ふるさとへの便り

ウガンダ

力合わせ養殖池掘削
写真:完成した養殖池=ウガンダ

完成した養殖池=ウガンダ

 こんにちは。ウガンダで青年海外協力隊として活動している澤井隆彰です。昨年6月に続き、ウガンダや私の活動について寄稿したいと思います。

 ウガンダでは今、雨季が終わり、乾季がやってきました。雨季が終わるころになると、バッタが繁殖する季節になり、ウガンダではそのバッタを素揚げにして食すのが風物詩です。日本人からすると少し気味悪い料理に見えますが、食べてみるととてもおいしいです。内陸国のウガンダではエビを食べることは難しいので、日本のエビを思い出しながら私も食しています。

 さて、私は青年海外協力隊のコミュニティ開発という職種で派遣されています。コミュニティ開発とは、いわゆる農村部の方々と一緒に、その地域の発展のために活動する職種です。私は、その地域の青年団と魚の養殖のプロジェクトを行っています。魚は淡水魚のティラピアという種で、10カ月ほどで販売できるサイズに成長します。

 私たちは今、5000匹の魚を飼育していますが、そのための養殖池のサイズは20メートル四方で深さが1メートルのものが必要でした。この掘削作業を土木会社に依頼すると莫大な資金が必要になるため、私は青年団と一緒に自分たちの力だけで造ることを決意しました。皆が協力して造ることによって「自分たちの池」という認識を持ってほしい、という個人的な狙いもありました。
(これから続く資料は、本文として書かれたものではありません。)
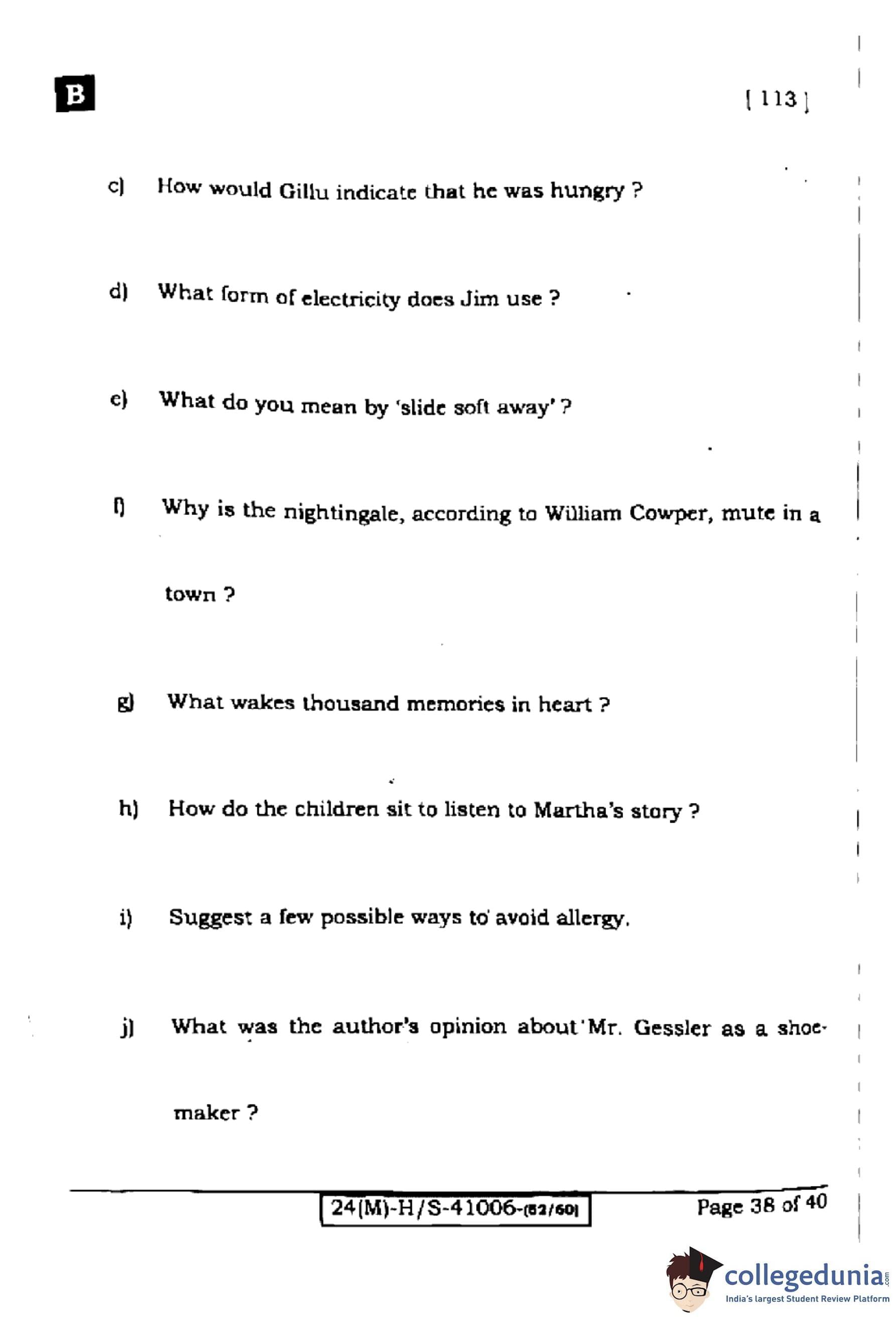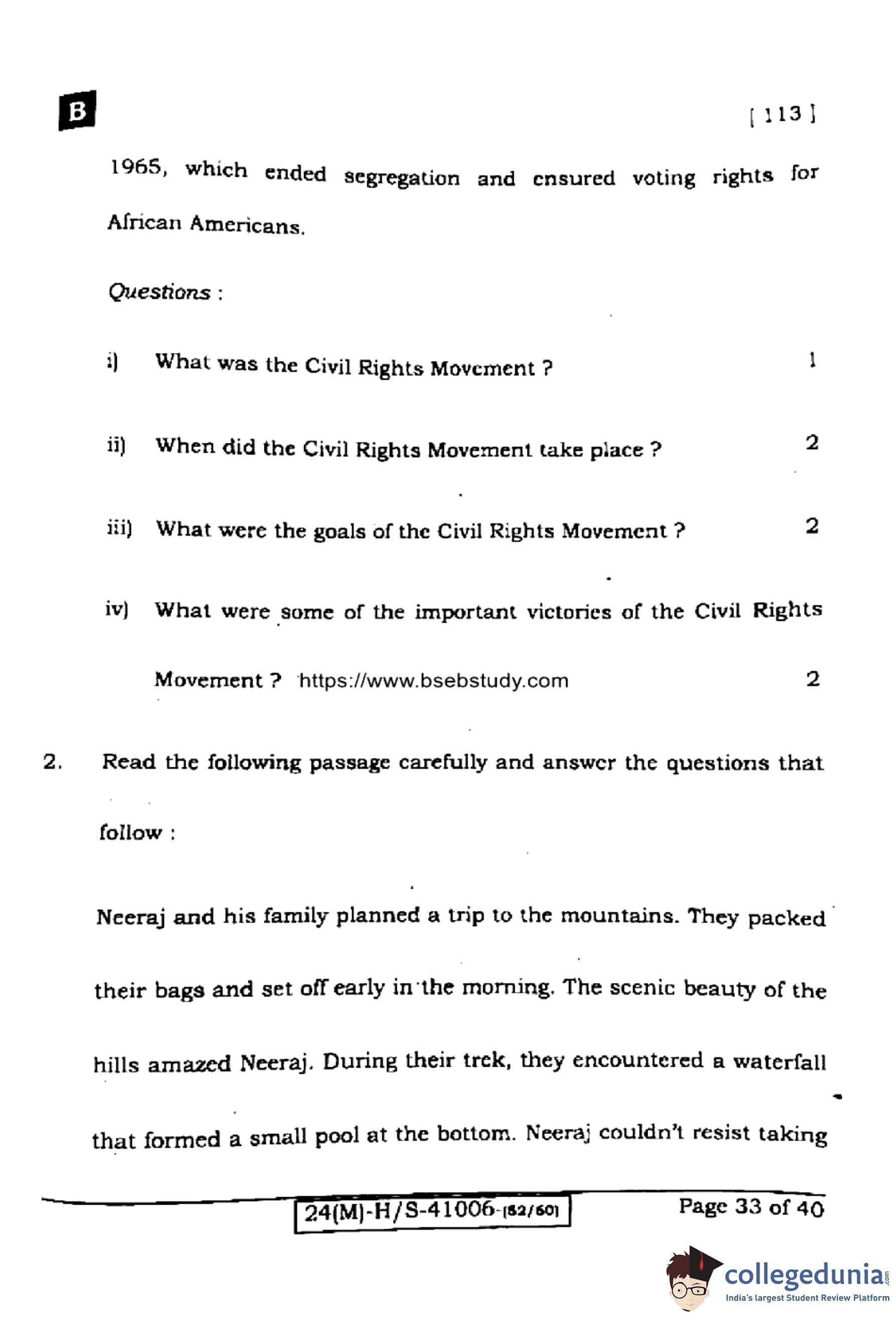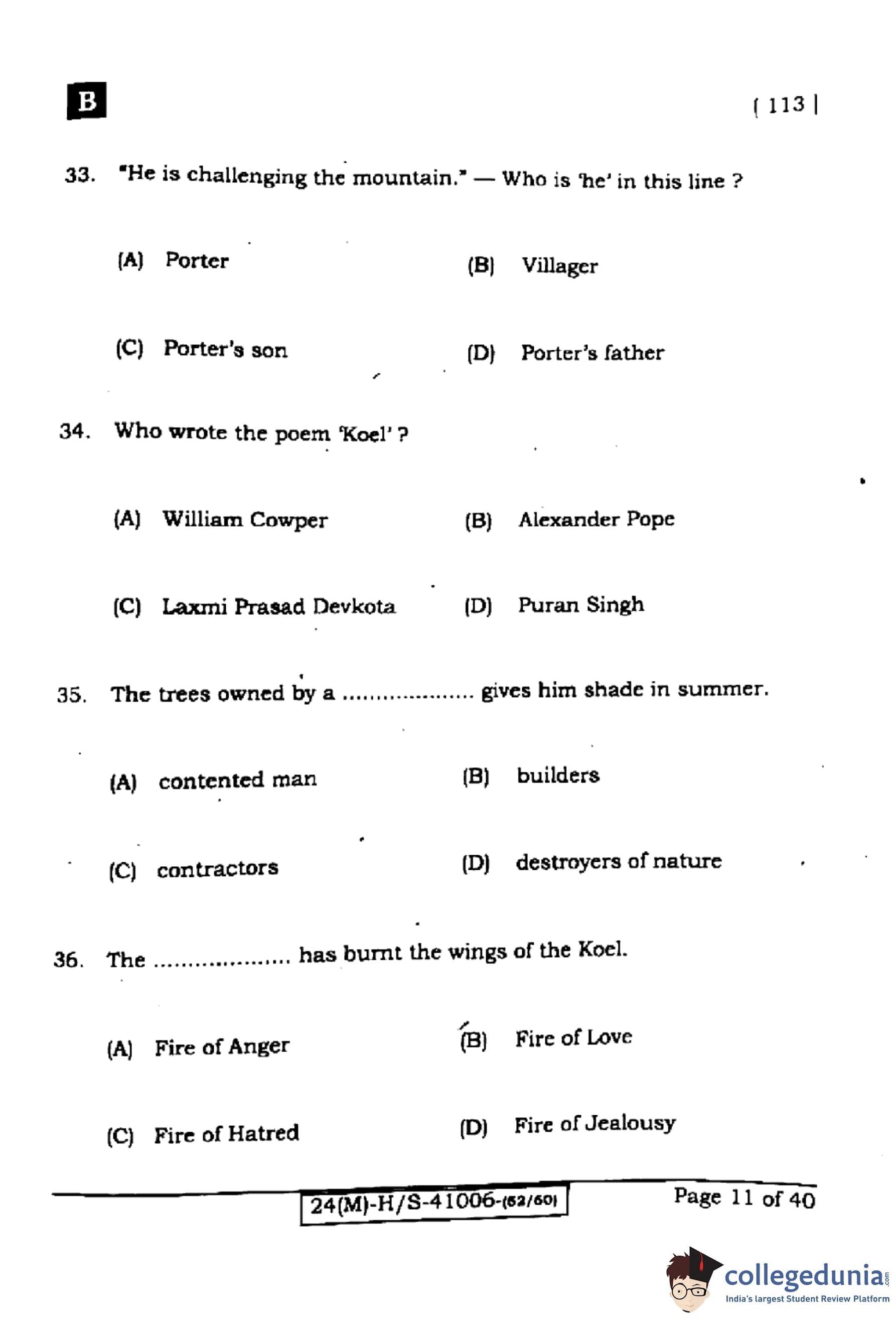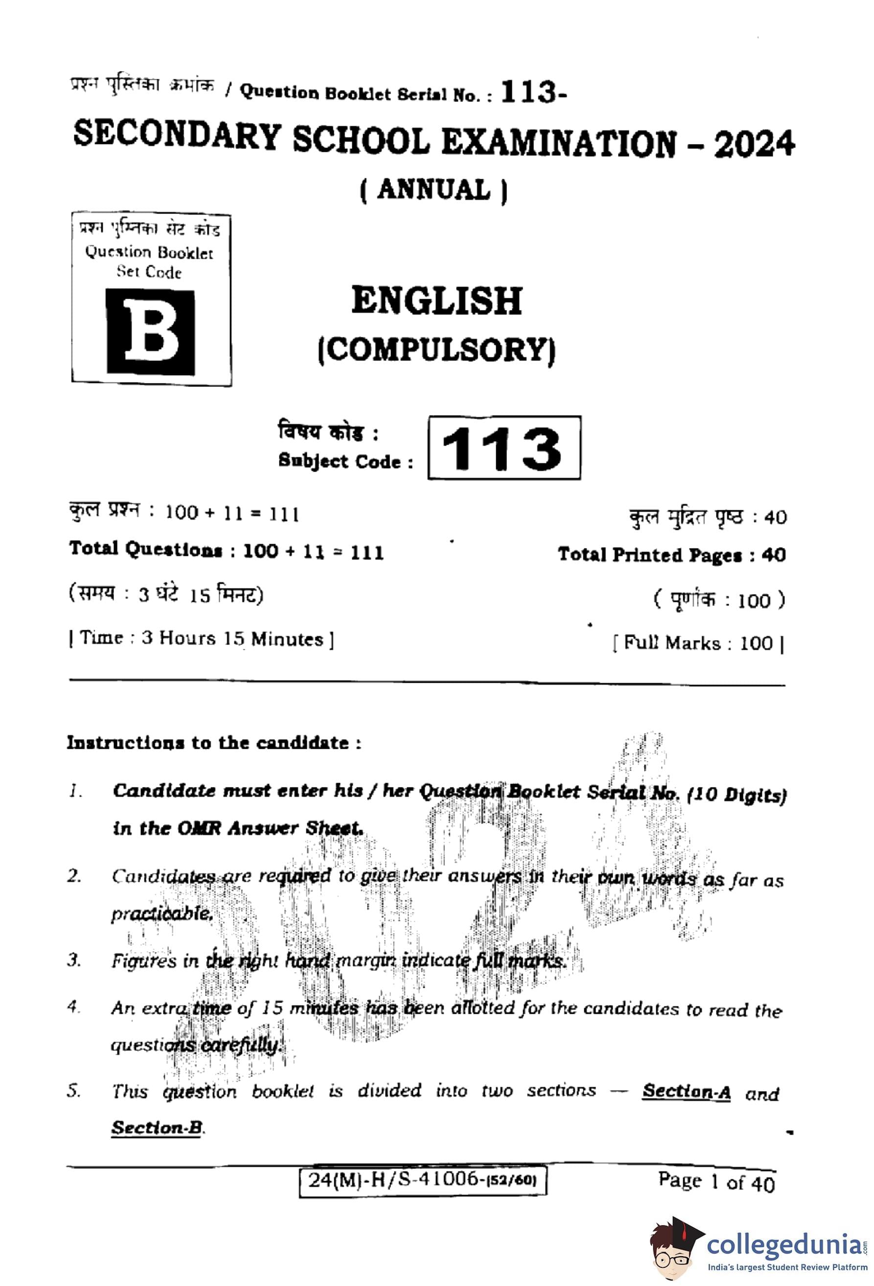 Bihar Board Class 10 English Question Paper 2024 ( SET B) with Answer Key (Shift 1)

 最初のころは週2回集まり作業を進めていたのですが、思ったより時間がかかり、完成の目途すら立てることができませんでした。しかし、その危機感を青年団も自発的に持ち、話し合いの結果、週3回集まることになりました。そのおかげで約4カ月かけて掘削作業を完了させることができました。自分が帰国する直前に全ての魚を売る予定です。青年団はその売り上げで来年の養殖の運営費用を賄い、さらには別の地域おこし活動の予算としても使われる予定です。

 6月末に日本へ帰国する私は、来年の運営に携わることができませんが、自分たちで危機意識を持つことができる彼らならこれからも困難を乗り越えていってくれると信じています。

【澤井隆彰さん】
写真:澤井隆彰さんさん
 澤井隆彰(さわい・たかあき) 私立校での社会科講師を経て2015年6月から青年海外協力隊としてウガンダへ派遣。市役所健康課にて市民の衛生管理に携わる。岐阜市出身。25歳。